You don’t see my hand shake as I struggle to hang up. You don’t hear me whimper after line dies. I don’t know what else to do, other than hope you hate me enough to never talk to me again.
I wish a lot of people hated me that much right now. It would be a small penance for what I’ve done, at least.
I keep telling myself I’m doing the right thing; that I’ve made the right choice. But I can’t lie. That voice; that fucking voice.
-Run away. Get high. Fuck consequences. Fuck empathy and compassion. Run from the pain. Run from the guilt. Get high. No one loves you. No one loves you but me. And I’ll be the only one to ever love you.
What the fuck am I doing?
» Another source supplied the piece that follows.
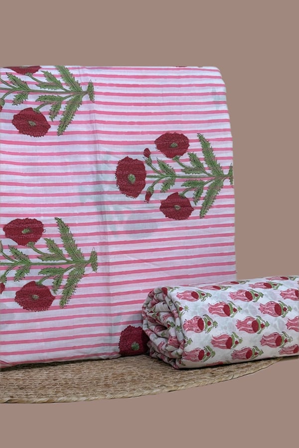 2.5mtr Each – HandBlock Printed Pure Soft Cotton Top Bottom Fabric Set
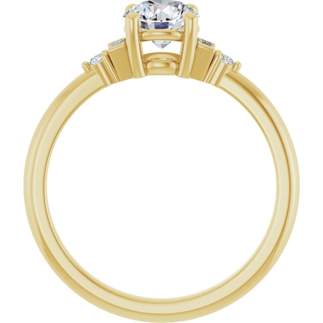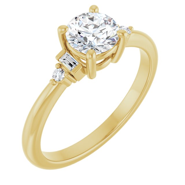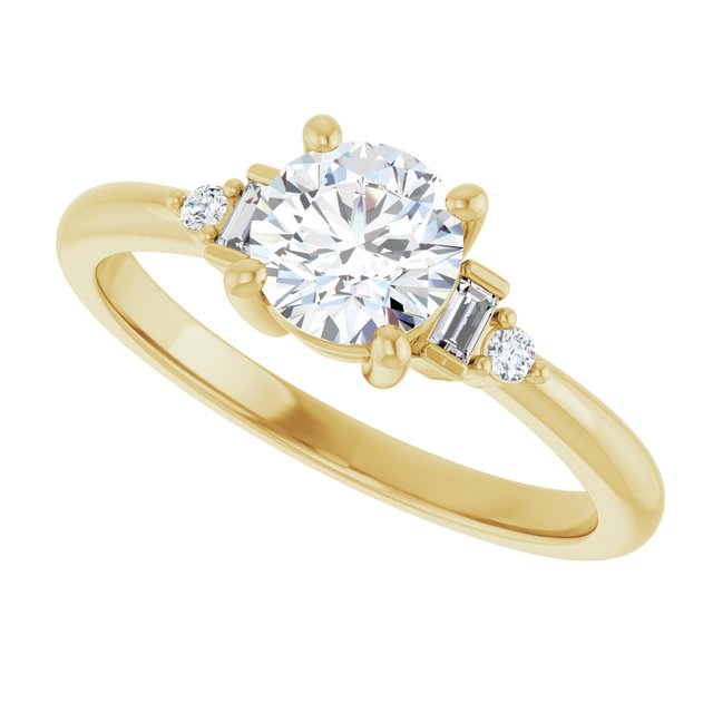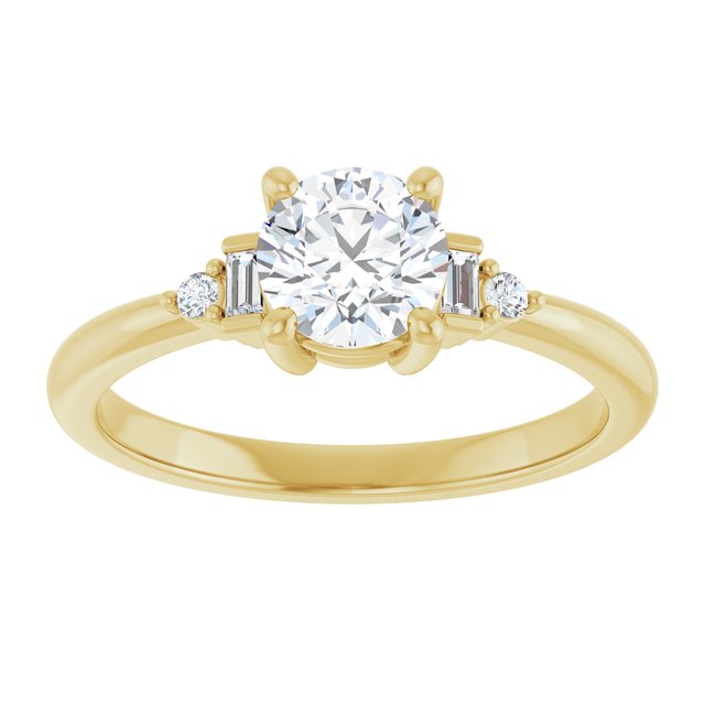 Gemma Women's 14K Gold Straight Baguette and Round Cut Natural Diamond Accented Thin Engagement Ring | Prong Bar Set

All I’m doing is swapping an orange pill for a fucking white one.
-What a fucking self-righteous charade.
The voice hasn’t gone away.
-You’re an addict. You always will be. Fucking junkie. Stop lying to yourself. Just run away. Escape. I’ll take away the pain. I promise.
The voice isn’t going away.
-No one really loves you. You fuck-up. Who would love someone like you? A thief. Fucking lying, junkie thief.
-I’m the only one who will never hurt you. I promise.
Someone please, make it stop. I don’t want to run anymore. I’m tired and I’m sore and I just want to hug someone.
Please.
My chemical romance is cheating on me. And I’m scared of letting go.